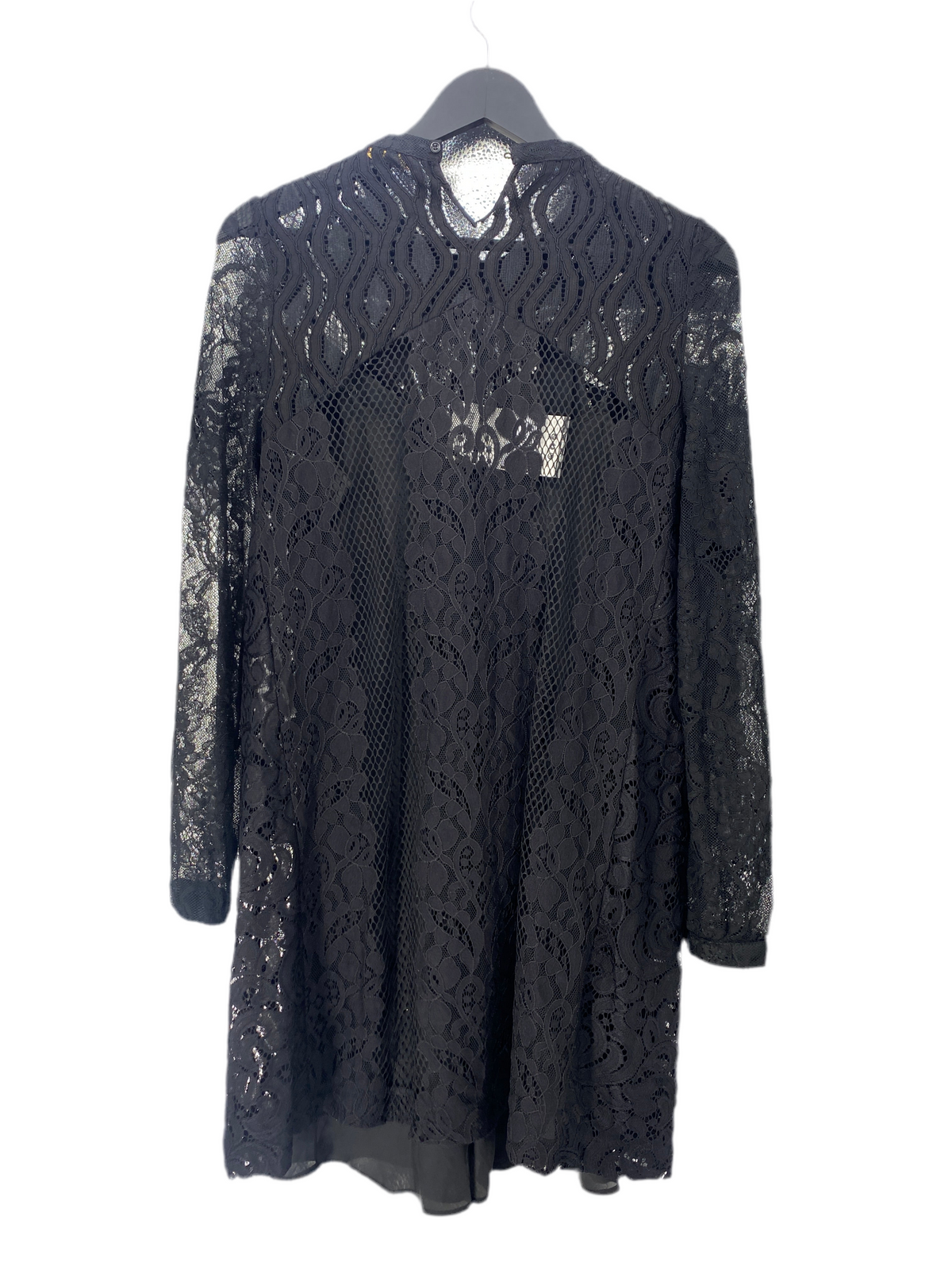 Robe à dentelle noire, petit fond à bretelles en dessous en polyamide
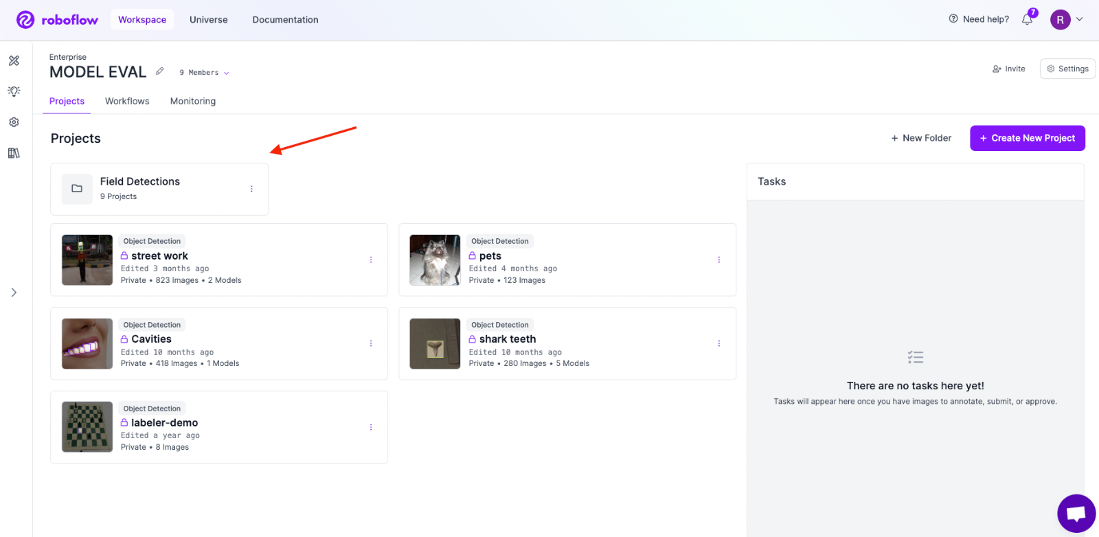 Project Folders will appear at the top of your workspace. You can create and manage your folders using the Dashboard or by using Roboflow’s API.
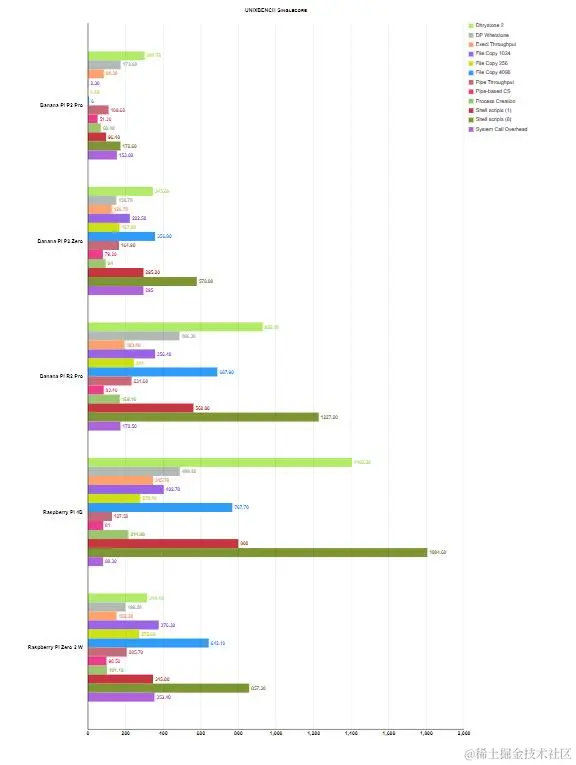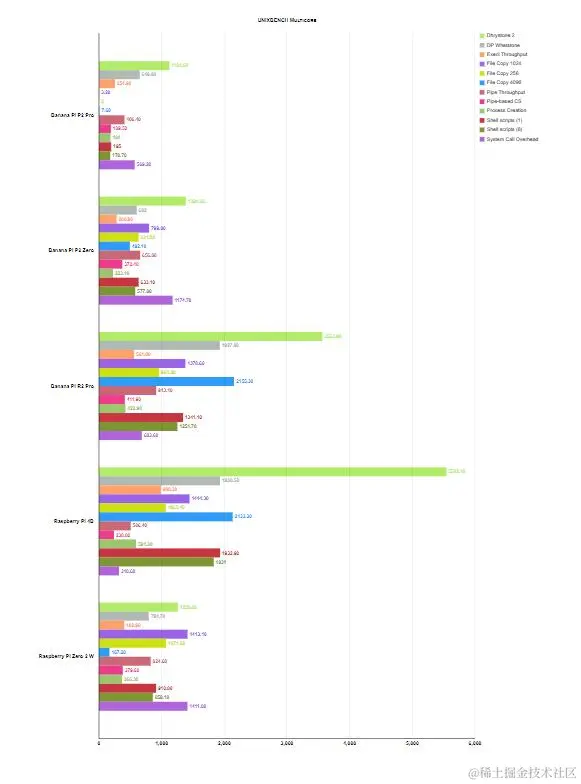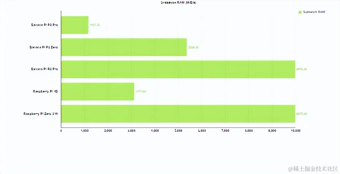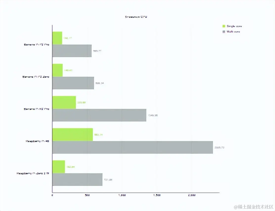 Sysbench CPU 显示结果低于预期。问题是四个 A35 核心 RK3308B-S,它同时工作在 816 MHz,这是我们比较的型号中时钟频率最低的。SoC 制造商在网站上的文档有些不一致。这里我们有 RK33o8B-S 版本,而不是 RK3308B,我们知道它也可以在 1296 MHz 下运行,大约高出 25%。BS 是 B 系列的修订版,它是低功耗版本,允许 IO 驱动器上的电流高达 6 mA,而之前的 B 版本允许 12 mA。它的设计目的是降低功耗,最初的最大时钟频率为 816 MHz。2022 年底,有消息称此版本也可能在 1008 和 1104 MHz 下运行,但 BPi 团队决定将内核速度限制为原始 816 MHz。
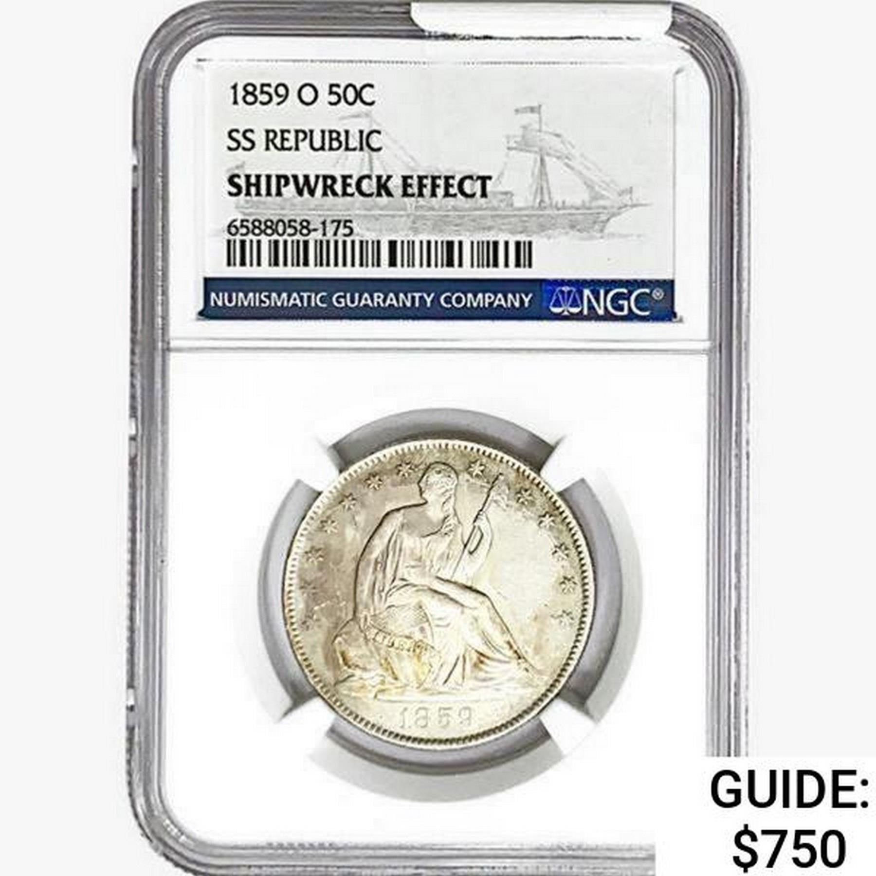 1859-O Seated Lib. 50C NGC Shipwreck Effect SS REP.

* * *

**What is required:** Leave the pictures out and transcribe the remaining material exactly.

**Task output:**
 Robe à dentelle noire, petit fond à bretelles en dessous en polyamide
 Project Folders will appear at the top of your workspace. You can create and manage your folders using the Dashboard or by using Roboflow’s API.
 Sysbench CPU 显示结果低于预期。问题是四个 A35 核心 RK3308B-S,它同时工作在 816 MHz,这是我们比较的型号中时钟频率最低的。SoC 制造商在网站上的文档有些不一致。这里我们有 RK33o8B-S 版本,而不是 RK3308B,我们知道它也可以在 1296 MHz 下运行,大约高出 25%。BS 是 B 系列的修订版,它是低功耗版本,允许 IO 驱动器上的电流高达 6 mA,而之前的 B 版本允许 12 mA。它的设计目的是降低功耗,最初的最大时钟频率为 816 MHz。2022 年底,有消息称此版本也可能在 1008 和 1104 MHz 下运行,但 BPi 团队决定将内核速度限制为原始 816 MHz。
 1859-O Seated Lib. 50C NGC Shipwreck Effect SS REP.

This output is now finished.